Exercise directions –
Could you copy every record exactly, leaving the pictures behind?

/---

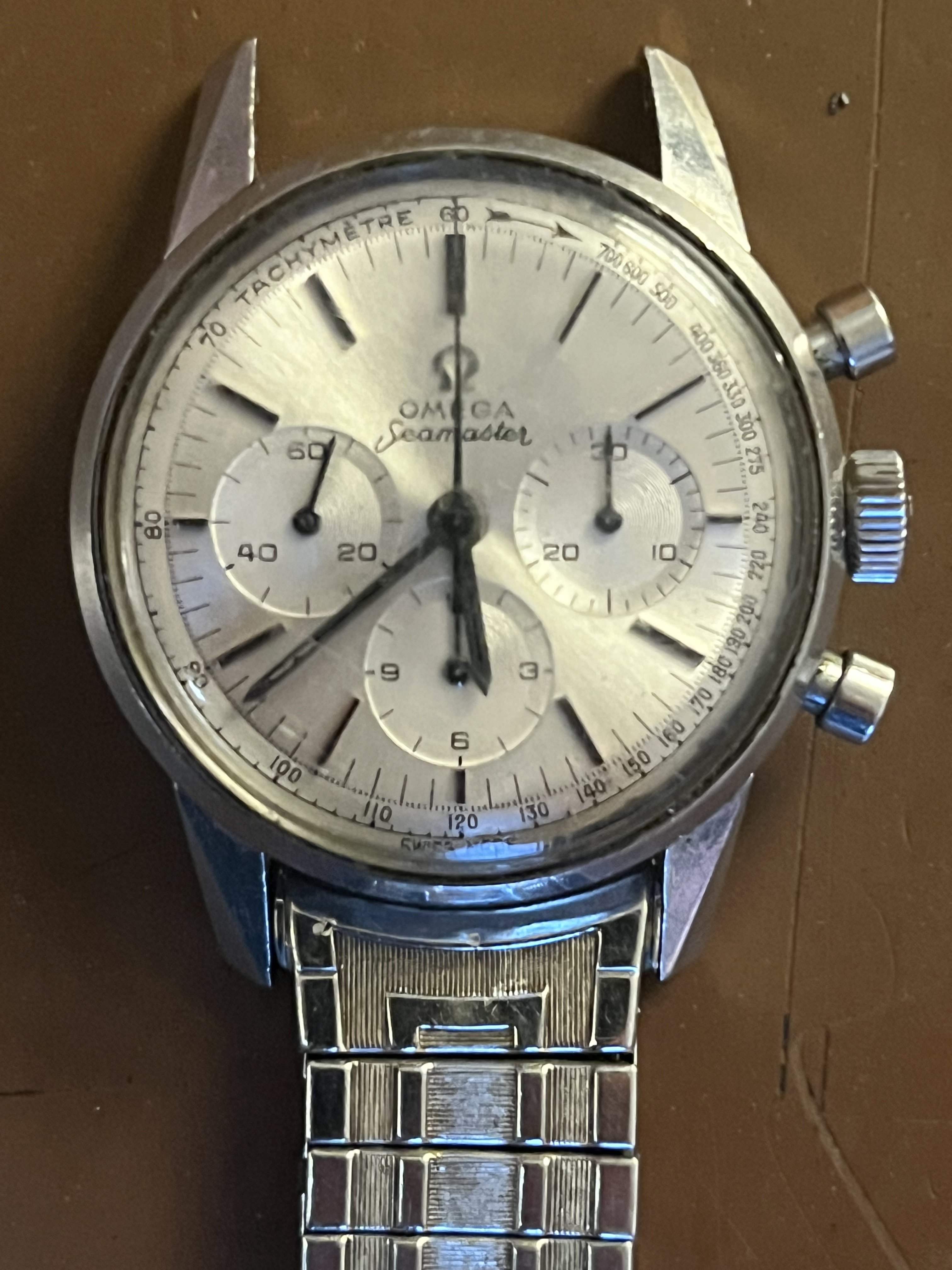 ·I posted about this watch before. It was given to me by my wife's grand parents. It was a nonworking Omega Seamaster cal 321 CK2947 315.164. I immediately took this watch to a reputable watchmaker. No polish, except on the crystal. He has done a full service on the watch and ultrasonically cleaned everything. He is telling me that he is having problems with two parts that control the minute counter subdial. He stated that the parts are worn and need to be replaced to get this function working correctly. I realize that these parts are hard to come by. He is giving me two options. 1) To wear and enjoy the watch as is with the minute counter not functioning or 2) He has contacts all over the world and can attempt to source these original parts and replace them so that the watch works 100%.
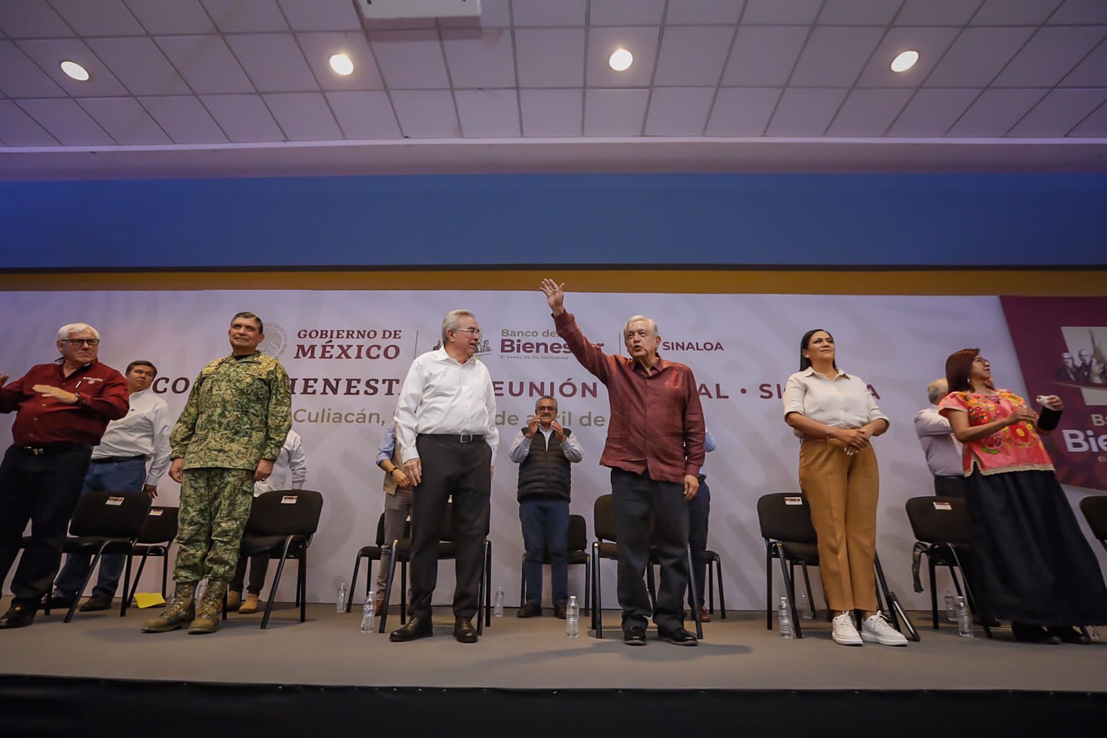 Culiacán Sinaloa, a 1 de abril de 2023.- El gobernador de Sinaloa Rubén Rocha Moya acompañó al presidente de la República Andrés Manuel López Obrador en su gira de trabajo este sábado por la entidad .
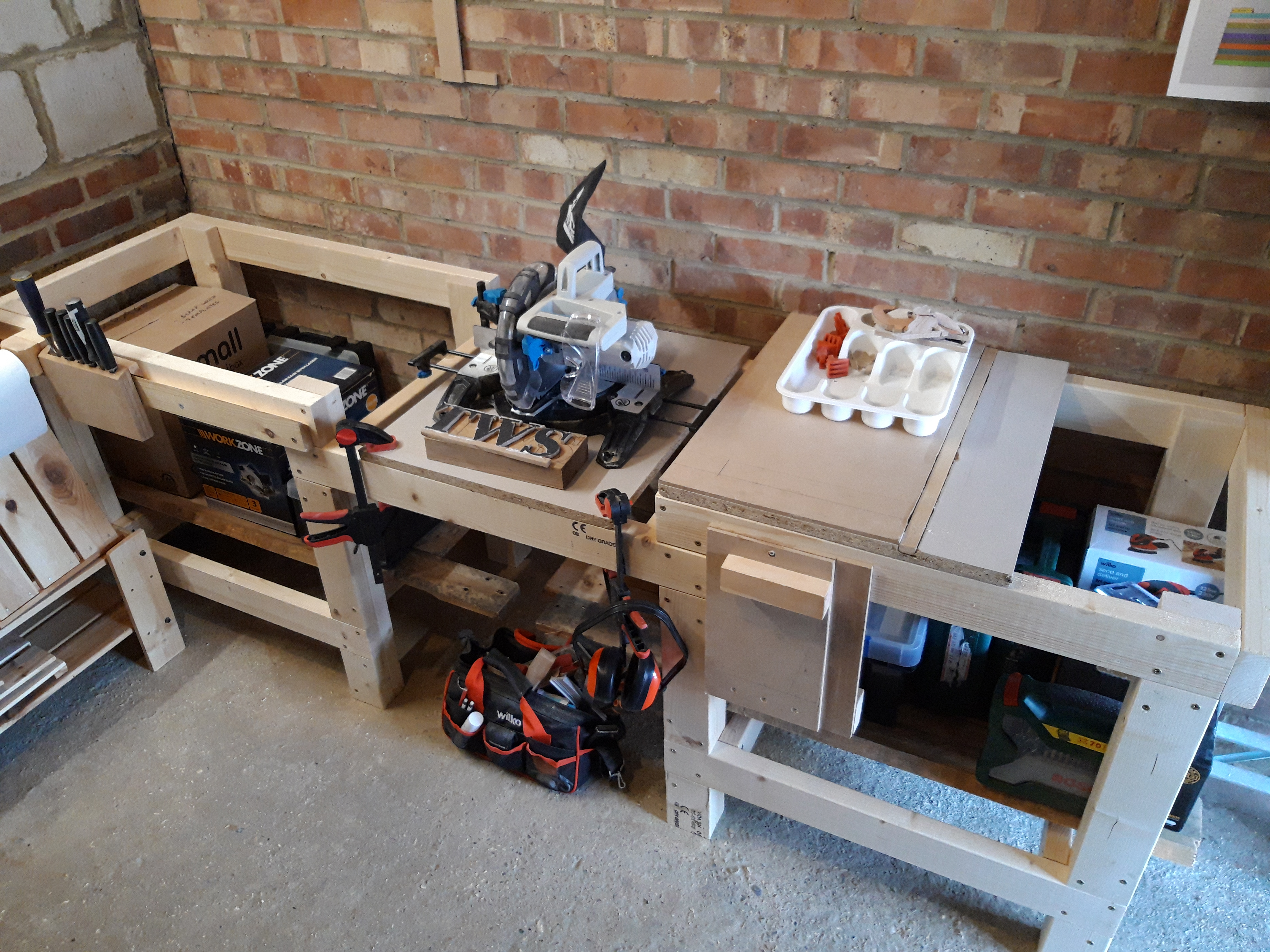 This concluded a very exhausting weekend spent measuring, cutting and assembling the many pieces into the nice sturdy mitre saw bench frame! I still need to get some thick mdf (at least 18mm) for the bench tops but that will require another trip in the car and some measuring to confirm the exact dimensions needed for each section. I used some planks from multiple disassembled pallets to temporarily create shelves underneath, enabling me to clear the floor and make it easier to move around the garage again!
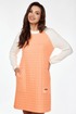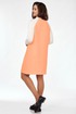 Платье А-силуэта, свободного кроя, выполненное из двух видов ткани: стежка (не тянется) и трикотажное полотно (тянется). Перед цельный с нагрудными вытачками и накладными карманами. Спинка цельная. Рукав покроя реглан с притачной манжетой. Горловина округлой формы, оформленная притачной планкой. Левый карман платья декорирован пришивным лейблом. Платье без подкладки.
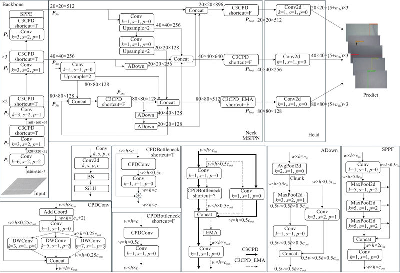所提出的CPD-YOLO模型结构如图1所示. 其中,w为特征图宽度,h为特征图高度,k为卷积核尺寸,s为步长,p为零填充大小,c为卷积核个数. 其检测步骤如下:采集织物缺陷图片作为输入的图像,调整图片分辨率为640×640,Backbone不断深入提取图片特征信息,MSFPN融合从骨干中提取的不同深度的特定特征图,检测层Head根据融合后的特征回归及分类目标,最后输出预测框及置信度.

\---

Task response –
 ·I posted about this watch before. It was given to me by my wife's grand parents. It was a nonworking Omega Seamaster cal 321 CK2947 315.164. I immediately took this watch to a reputable watchmaker. No polish, except on the crystal. He has done a full service on the watch and ultrasonically cleaned everything. He is telling me that he is having problems with two parts that control the minute counter subdial. He stated that the parts are worn and need to be replaced to get this function working correctly. I realize that these parts are hard to come by. He is giving me two options. 1) To wear and enjoy the watch as is with the minute counter not functioning or 2) He has contacts all over the world and can attempt to source these original parts and replace them so that the watch works 100%.
 Culiacán Sinaloa, a 1 de abril de 2023.- El gobernador de Sinaloa Rubén Rocha Moya acompañó al presidente de la República Andrés Manuel López Obrador en su gira de trabajo este sábado por la entidad .
 This concluded a very exhausting weekend spent measuring, cutting and assembling the many pieces into the nice sturdy mitre saw bench frame! I still need to get some thick mdf (at least 18mm) for the bench tops but that will require another trip in the car and some measuring to confirm the exact dimensions needed for each section. I used some planks from multiple disassembled pallets to temporarily create shelves underneath, enabling me to clear the floor and make it easier to move around the garage again!
 Платье А-силуэта, свободного кроя, выполненное из двух видов ткани: стежка (не тянется) и трикотажное полотно (тянется). Перед цельный с нагрудными вытачками и накладными карманами. Спинка цельная. Рукав покроя реглан с притачной манжетой. Горловина округлой формы, оформленная притачной планкой. Левый карман платья декорирован пришивным лейблом. Платье без подкладки.
所提出的CPD-YOLO模型结构如图1所示. 其中,w为特征图宽度,h为特征图高度,k为卷积核尺寸,s为步长,p为零填充大小,c为卷积核个数. 其检测步骤如下:采集织物缺陷图片作为输入的图像,调整图片分辨率为640×640,Backbone不断深入提取图片特征信息,MSFPN融合从骨干中提取的不同深度的特定特征图,检测层Head根据融合后的特征回归及分类目标,最后输出预测框及置信度.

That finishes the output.